Obat Bius

Di saat kita menjadi pemimpin dalam melaksanakan suatu proyek, berbagai badai penghadang terkadang melemahkan semangat kita. Di tahap persiapan, kita dihadapkan oleh masalah berubah-ubahnya lingkup pekerjaan. Para user , kehendaknya bagai laut tanpa batas, lingkup rencana yang telah disusun dengan baik dan ditetapkan, bisa berubah total, karena pendapat seseorang.

Belum lagi saat memilih lalu merancang langkah-langkah untuk mencapai tujuan. Apakah pondasinya menggunakan tiang pancang atau menggunakan pondasi jaring laba-laba, menghadapi keruwetan tersendiri. Masalah-masalah disbursment dan birokrasinya terkadang membuat rencana-rencana tak berjalan dengan semestinya. Masalah anggaran memang sangat memusingkan.

Kualitas yang tak sesuai dengan spesifikasi juga pasti pernah dialami. Closet dalam spesifikasi, mestinya bermerek ”Toto”, dalam pelaksanaannya diganti dengan merek ”Toyo” yang harganya setengah dari harga merek ”Toto”, begitu juga kualitasnya. Belum lagi komputer dalam spesifikasi bermerek ”Acer”, ternyata ketika diterima, hanya casing-nya saja, isinya diambil dari merek ”Ager”

Masalah internal tim kerja juga demikian. Anda menghadapi orang-orang yang merasa bisa tapi tak bisa merasa. Banyak cakap, benar-benar pakar alias tanpa karya, hanya omong doang. Komunikasi mandeg, pengawas dan pemeriksa datang terus menerus tiada henti dilengkapi gertak sambal yang mengerikan. Belum lagi cibiran masyarakat sekeliling yang penuh syak wasyangka dan pandangan negatif tentang proyek, bagaikan melihat tumpukan uang yang menggunung.
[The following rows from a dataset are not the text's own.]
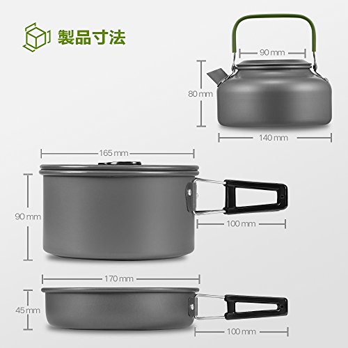 アルミニウム素材を採用して作られているフライパン、鍋、ポットなどの計三点セットのクッカーになります。ハンドル部分と蓋の持ち手にはシリコンを素材に使用していますので、やけどなどの心配もせずに持つことができます。
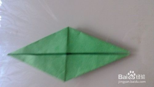 左右两侧沿中线对折,反面也一样的折法,把最上方的三角往下折。然后全部松开,用手把上面一层的纸撑开,沿刚才的折痕按压平整,背面也是一样方法折叠。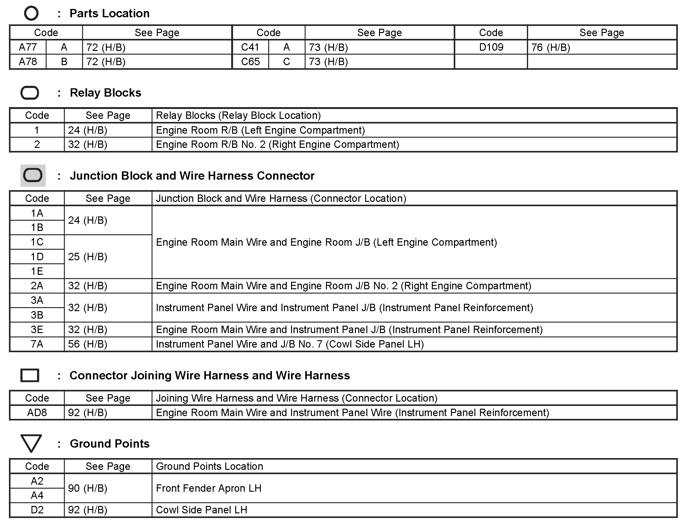 Locations: The locations of components, connectors, ground points, and splices referred to within these diagrams can be found at Vehicle Locations. Locations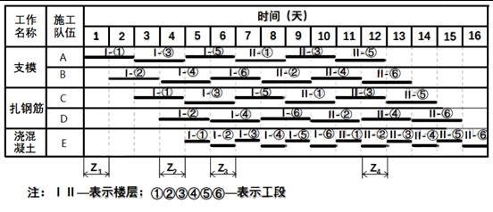 『答案解析』本題考查的是橫道圖進(jìn)度計(jì)劃的編制方法。如圖所示,第五天一層第一個(gè)施工段混凝土澆筑完畢。應(yīng)間歇一天再進(jìn)行第二層第一個(gè)施工段的支模。所以第六天位置(Z3)為層間間歇。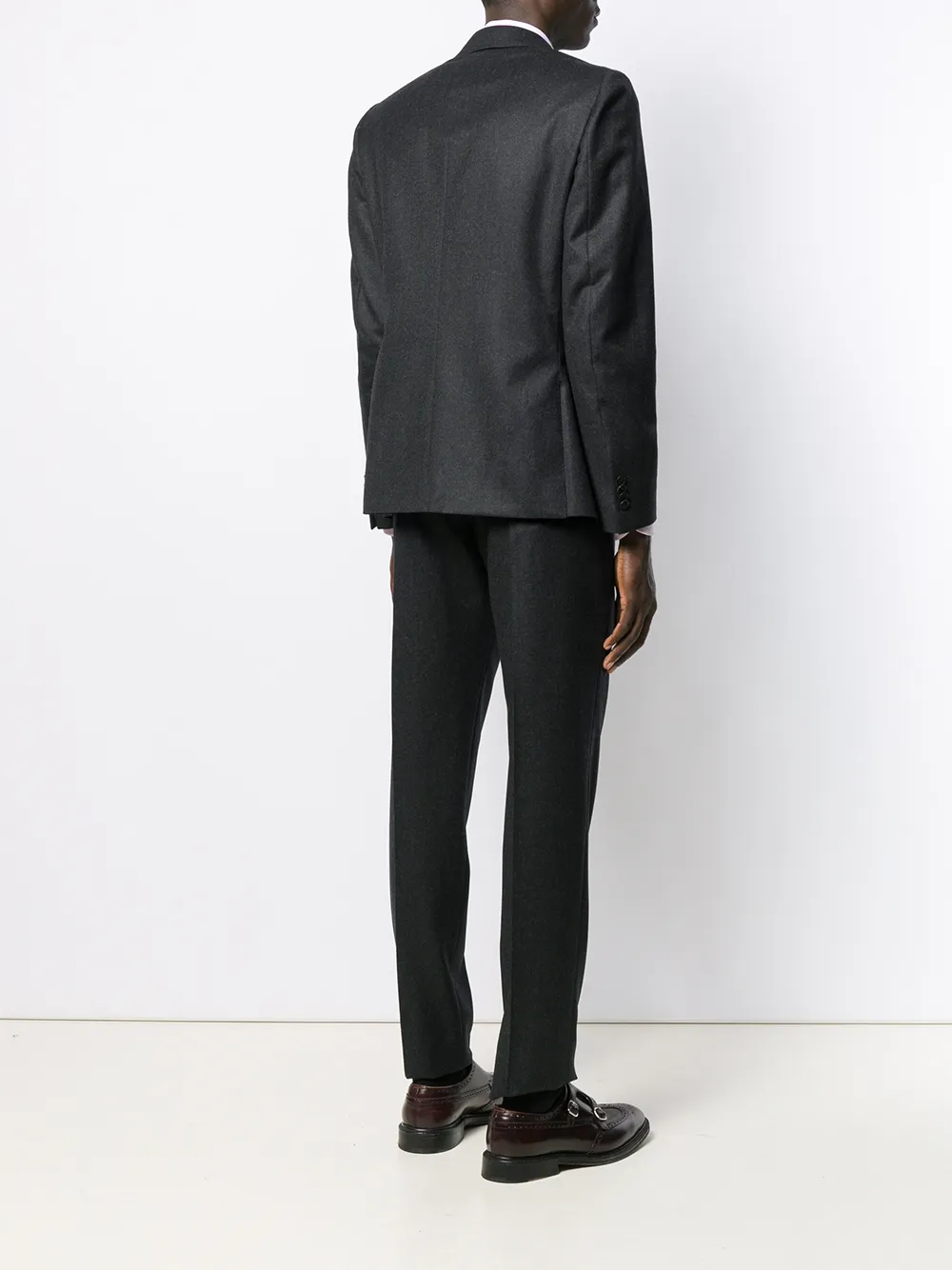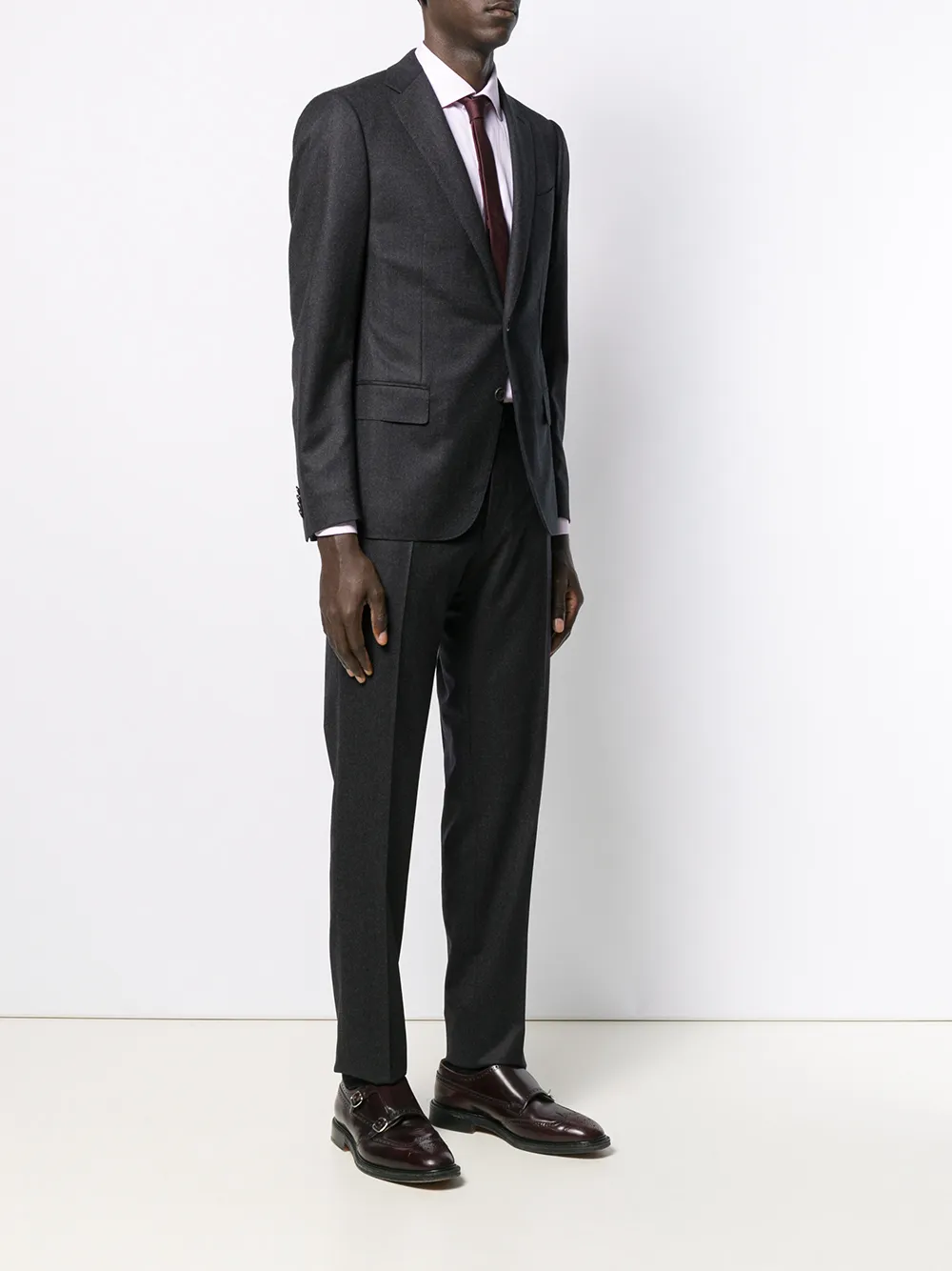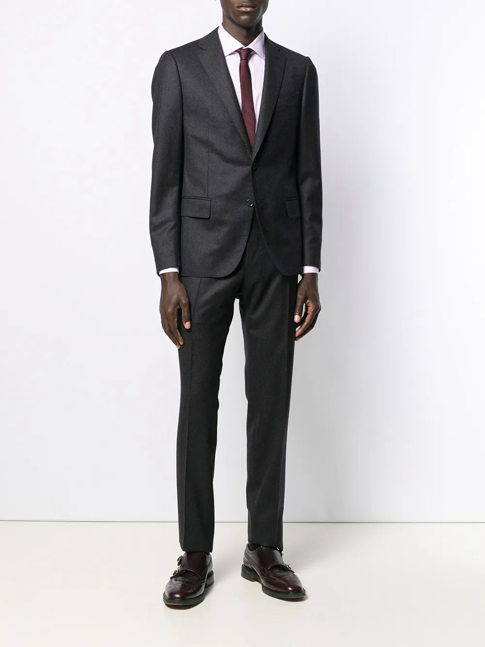 Классический костюм-двойка от Caruso. Зазубренные лацканы, застежка на пуговицах спереди, передние карманы с клапанами, шлица сзади, петли для ремня, ширинка на молнии с пуговицей, боковые карманы и задние карманы с листочкой на пуговицах.

Belum lagi ketika resiko bencana benar-benar terjadi.. Kontraktor-kontraktor dengan kecanggihannya dalam menjepit pimpinan proyek hingga jadi tak berkutik.

Badai demi badai datang bergelombang, masalah laksana tiada henti, semuanya itu bisa menurunkan semangat dan keyakinan akan keberhasilan dalam mencapai tujuan.

Uh... rasanya lelah sekali. Anda perlu ”obat bius” – untuk menahan rasa sakit – hingga amanah yang dibebankan, bisa sampai ke garis finish. Walau tercobak-cabik pakaian, walau kulit tergores penuh luka, walau muka hitam berlumur lumpur – anda harus bawa bendera perang dan menancapkannya di garis yang telah disepakati.

Di tengah badai yang bisa menyurukan semangat, hiburlah diri anda, dengan memikirkan ”warisan” yang dapat anda berikan kepada seluruh project stakeholder dan masyarakat sekitar. Bayangkan gedung-gedung kuliah yang megah, yang nantinya dapat dinikmati oleh mahasiswa yang mendemo anda, bayangkan komputer-komputer yang dilengkapi koneksi ke internet yang bisa dipakai oleh dosen-dosen yang mencaci maki anda, bayangkan ruang pimpinan yang layak dan terhormat, bagi dekan-dekan yang meremehkan kemampuan Anda.

Anda akan mewariskan sesuatu yang permanen, walau anda telah tiada, berpuluh tahun kemudian. Hasil keringat, ketabahan anda menerima cacian, ketebalan telinga anda dalam mendengar cibiran, akan terbayar di masa datang, karena anda telah memperbaiki kehidupan orang-orang, karena outcome dari proyek yang anda tangani. Tentu akan lebih indah lagi, ketika orang-orang dalam institusi anda, menggunakan hasil karya anda untuk menghasilkan karya-karya lain yang lebih berarti.

Sodara-sodara, ini belum tentu diartikan untuk mencari ketenaran, pengaruh atau tumpukan kekayaan, akan tetapi, yang akan lebih membahagiakan adalah, akan banyak orang yang melanjutkan misi anda, karena outcome dari proyek anda telah menjadi sarana utama agar orang lain mampu mengembangkan diri. Warisan anda akan dikenang sepanjang masa.

Mengelola proyek pastilah menemui banyak masalah, semoga tabah, dan selalu ingatlah outcome yang anda akan ”wariskan” pada institusi anda. Jadikanlah impian tentang kemajuan yang akan terjadi, menjadi obat bius yang mampu menahan rasa sakit akibat tusukan kerikil kecil dalam perjalanan menuju pelabuhan tujuan.

Maju terus pantang mundur. Merdeka !!!